他不着痕迹地停顿了一下,飞快地看了一眼林真,放慢了语气:
“范·梅森小姐的改装者和另外一个随从,在爆炸中从外头的平台上摔落。已经有两个小队乘坐悬浮车下去搜寻了。”
“我们现在海拔多高来着?”里奥问。
诺曼没有接话。
另一个保镖看了他一眼,赶紧替他找补:“三千零五十米。”
“哦——”里奥拖长了音,“'乐园'怎么把克隆体工厂建在山腰上呢?这石头锋利树木茂密的,摔下去,碰到哪儿都要削下一层肉啊。可惜了那个改装者了。我明儿个就投诉去。”
他说话时语调扬起,听起来不像是“投诉”,反倒像是“明儿个就给'乐园'送锦旗去'”,将幸灾乐祸表现了个十成十。
“真不好意思啊,真妮特。你身边是不是没人了啊?崔立!”
诺曼咬牙上前一步,仍用余光留意着林真。
“崔立,你多带几个人,去把这座山翻一遍。”里奥吩咐道。
“我——”诺曼正要拒绝,就听到连接里林真开口了:
“去找安恬和敏秀,我不会有事。
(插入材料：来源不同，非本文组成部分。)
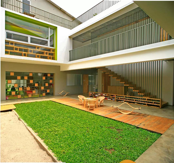 這所位于泰國的幼兒園,可以說是孩子終極夢(mèng)想中的幼兒園。這是一個(gè)巨大的書屋,里面囊括了圖書館,廚房,美術(shù)室,音樂室,陽臺(tái),以及一架有趣的滑滑梯。孩子們?cè)谶@里生活,無時(shí)無刻不在感受著大自然的同時(shí),領(lǐng)略著童年集體生活的樂趣。
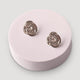 Button-style earrings featuring sculpted rose motifs with layered petal detailing for elegant, dimensional styling.
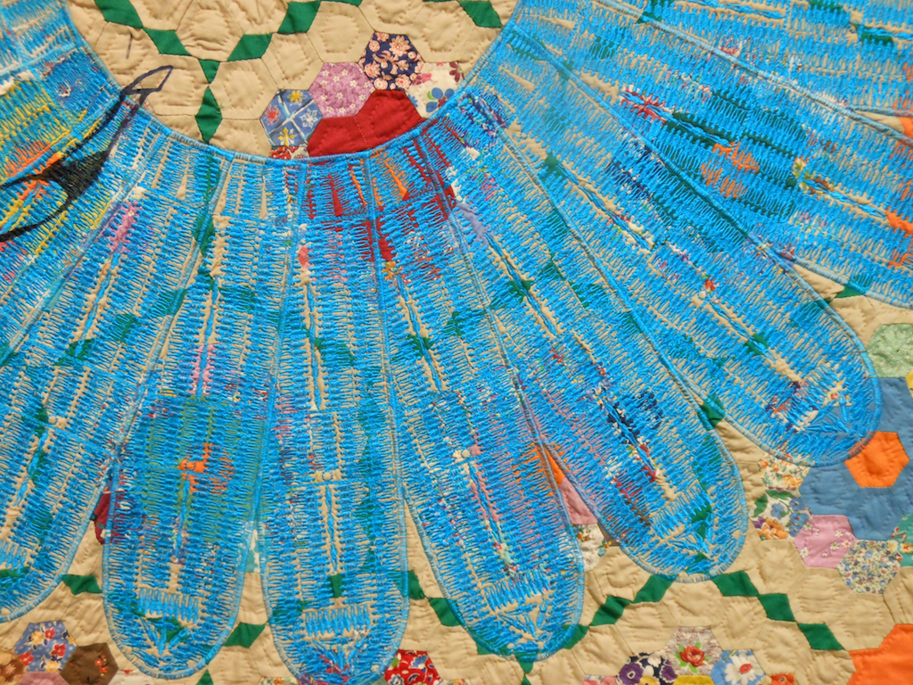 Sacred geometry (geometric design) and raw cotton “clouds” figure into his work, as seen in another quilt I saw him working on this week. Here, you can see Julie Mehretu‘s influence, as well as other motifs seen in Codex such as Lotus, Biggers’ “highly stylized,” twenty-four-petal filigree pattern in the shape of a flower.
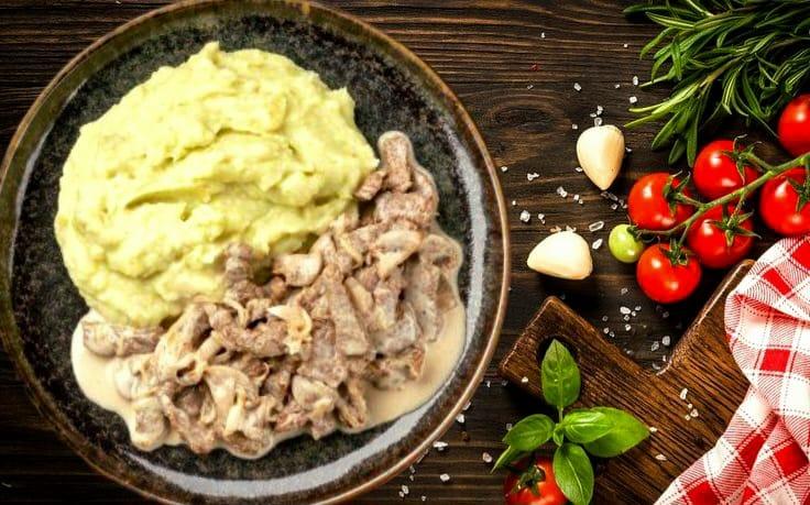 Состав: картофель, молоко, говядина, сливочный соус, соль, перец черный молотый Объем 350 гр
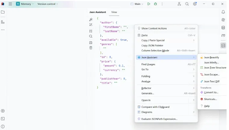 Json Assistant是基于 IntelliJ IDEs 的 JSON 工具插件,让 JSON 处理变得更轻松!主要功能
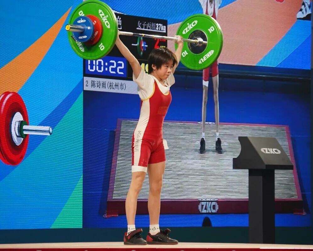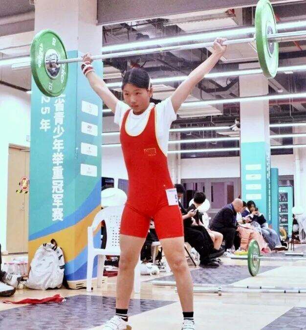 举重台背后,是少年们用汗水浇灌的日复一日。来自台州的13岁女孩谢耔妤每周训练6天,坚信“吃得苦中苦,方为人上人。”在枯燥而强大的力量训练中,队友间的鼓励成为重要支撑:“我们会相互指出对方技术动作的不足之处,大家一起进步。也会一起看优秀运动员的比赛视频,特别激励人。”电视屏幕中的热血画面与训练场的杠铃片交织,点燃了他们内心的火焰。
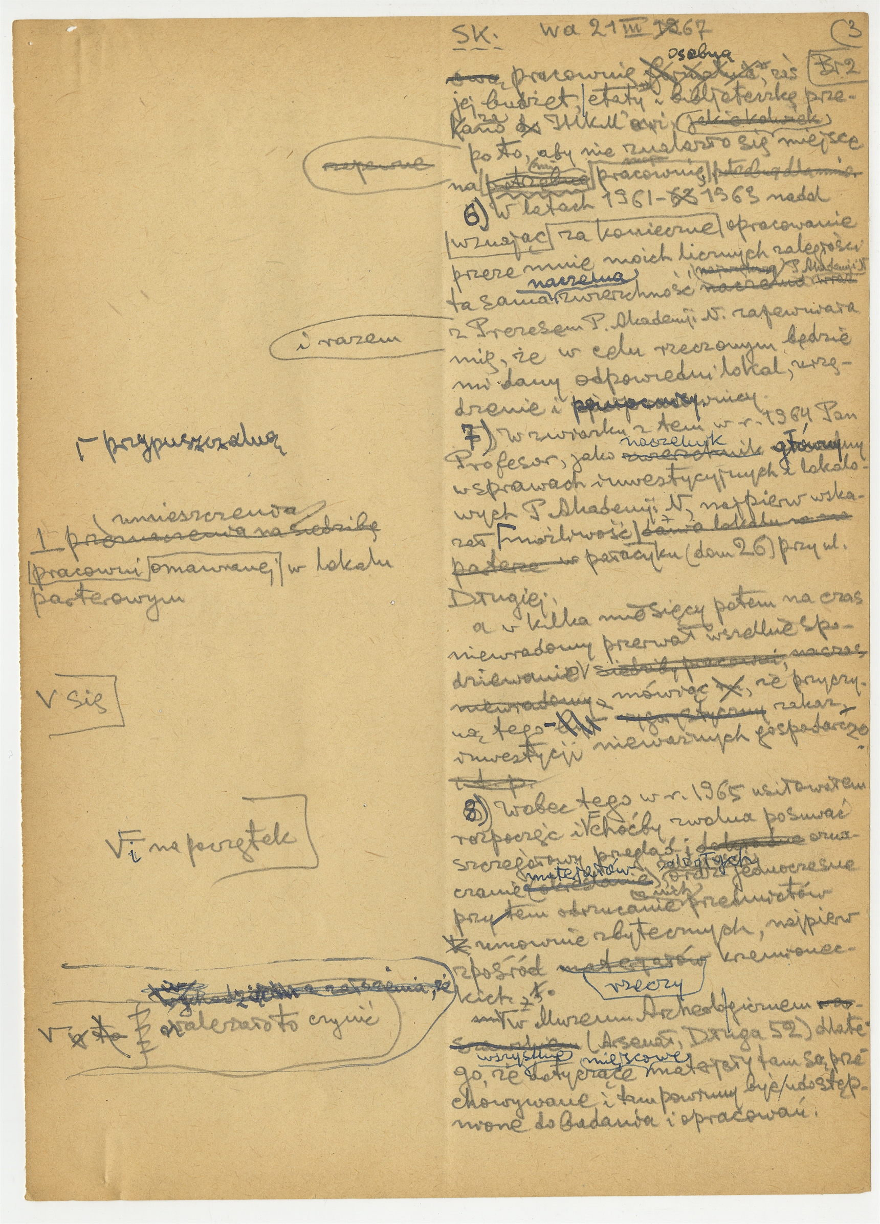 Rękopis - brudnopis listu S. Krukowskiego do W. Nowackiego Sekretarza Naukowego PAN z dn. 21 III 1967 r. Strona 3
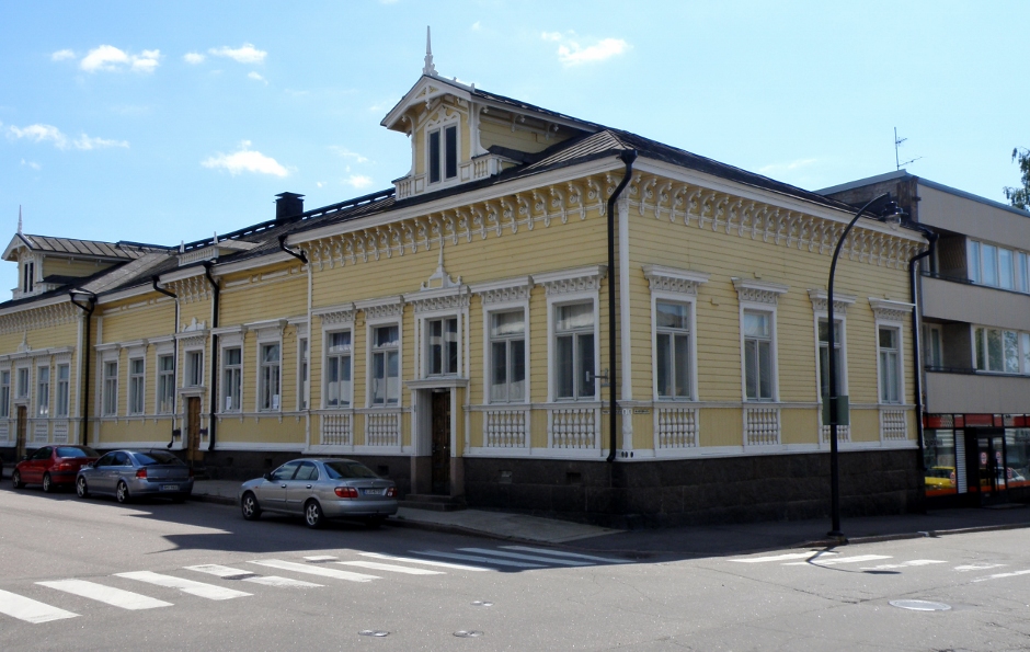 Tämä yksittäinen rakennus Rauhankadun ja Pikkuympyräkadun kulmauksessa nousi ensisilmäyksellä valtakunnalliselle suosikkirakennuksieni listalle. Kuvattu 19.4.2015 (S&J).
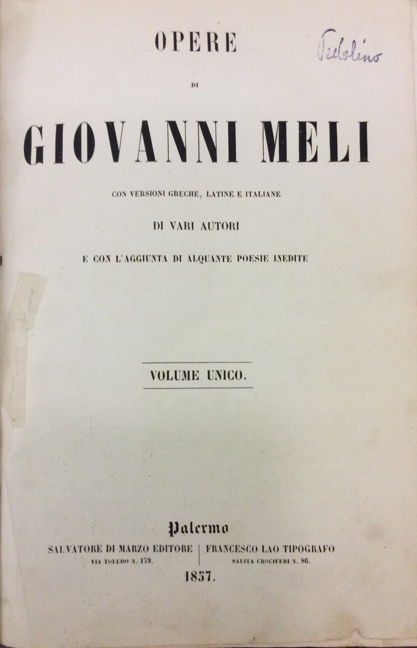 In-8 (mm. 236x158), mz. pelle coeva (risg. rifatti), decoraz. e titolo oro al dorso, pp. 551, XXXVII (di Indice), testo su due colonne, con un ritratto dell'A. in litografia. Le ultime 37 pp. si riferiscono alle Osservazioni grammaticali' ed al Dizionario delle voci e maniere oscure siciliane adoperate dall'A'.Introdotte da un Discorso intorno Giovanni Meli e le sue poesie di G. Di Marzo e da Cenni sopra Meli tratti dalla storia della letteratura italiana di P. Emiliani-Giudici, le opere sono divise in tre parti: Lirica - Poemi - Prose. Vi si trova anche la traduzione latina della Bucolica fatta da Vincenzo Raimondi ed un saggio di traduzione greca di alcune anacreontiche del Meli, di Monsignor G. Crispi. Tra le Prose anche Le Riflessioni sul meccanismo della Natura e Gli effetti straordinari del veleno di un ragnatello pubblicate la prima volta nel 1777. Delle opere del Meli furono fatte numerose edizioni e traduzioni.Cfr. Moncada Lo Giudice,1418 per l'ediz. del 1838 - Mira,II, p. 68 che definisce l'A. Onore di Sicilia, d'Italia e di Europa. Nacque questo immortale poeta siciliano in Palermo nel 1740 e morì nel 1815; fu in vita onorato dai più grandi poeti e letterati del suo tempo - Fera /Morlicchio,II,197: Raro volume ottocentesco.Con fiorit., aloni, e numerose postille a matita; mancano le pp. 155-156, qui manoscritte.
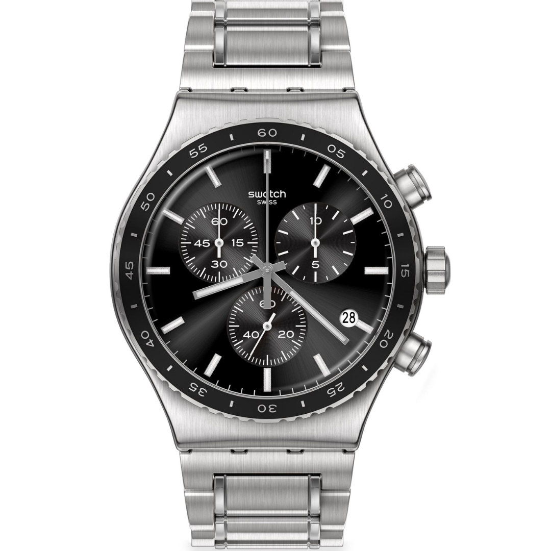 Avec son bracelet réglable et sa boucle papillon, cette montre NEW IRONY CHRONO sophistiquée en acier inoxydable présente un élégant cadran noir et une lunette gravée dans un boîtier en acier inoxydable brossé aux détails polis.

”
诺曼的手握成了拳头,在连接里道:
“你放屁,这种时候我怎么能让你一个人留下!”
“陆川,找到他们,带他们回来。只有我们所有人在一起,才能翻盘。”
比起诺曼的焦急,林真的语气平静极了。
她总是这样,形势越坏,语气越平静,像冰一样。
“陆川,我不会有事。”她再次催促道。
诺曼咬了咬牙,领了命令大步离开。
外头的天色已经暗下来,只有远处的“乐园”兀自灯火通明,如同群山腹地里的一轮明月,衬得群山愈发黑沉死寂。
数架悬浮车打破了沉寂的夜色,交叉飞过,用探照灯扫过树木山石的阴影。
已经归巢的鸟被惊起,在林间仓皇逃窜。
树林被惊醒,枝桠摇动,如交缠的枯骨。
敏秀正缩在一丛灌木下。这也不知是什么灌木,盘踞在岩石缝里,底下刚好留出能藏两个人的空洞。
探照灯的光从上方划过,被密密层层的枝叶挡住,只有细碎的光斑一闪而过。
可他的心里还是一紧。
到现在,他依旧不知道发生了什么。在坠落途中,他的终端不知所踪,安恬的被石头磕坏了,他就此与林真和诺曼失去了联系。
也许诺曼也在搜寻的队伍里,可他不敢赌。
当他被林雪打晕,然后在工厂里惊醒时,他和旁边的一个保镖对上了视线。对方愣了一下,然后冲其他保镖惊喜地喊道:“是他。少爷要他!抓住他!”
他一瞬间就决定要跑。他没什么战斗力,如果落入对方手里,林真和诺曼会很难办。
他想往车里躲,可车子即将爆炸。
情急之下,他只能朝着唯一的出口跑去。
就在他跑上外头平台的时候,爆炸追上了他。
气浪将他掀飞出去,回过神来,他看到下方是万丈深渊。
他即将粉身碎骨。
他不想死,但到了这时候也只能安慰自己,这样也好,至少不会拖真真姐和诺曼哥的后腿。
可安恬突然从浓烟里突然扑了出来,抓住了他,将他死死护在怀里,用磁力场吸来悬浮车的残骸,一层层包裹在外面。
她说:“别怕,我在。”
在短暂的几秒钟里,她一直重复着这句话,好像凭借这四个字,就能把死地砸出一条生路来。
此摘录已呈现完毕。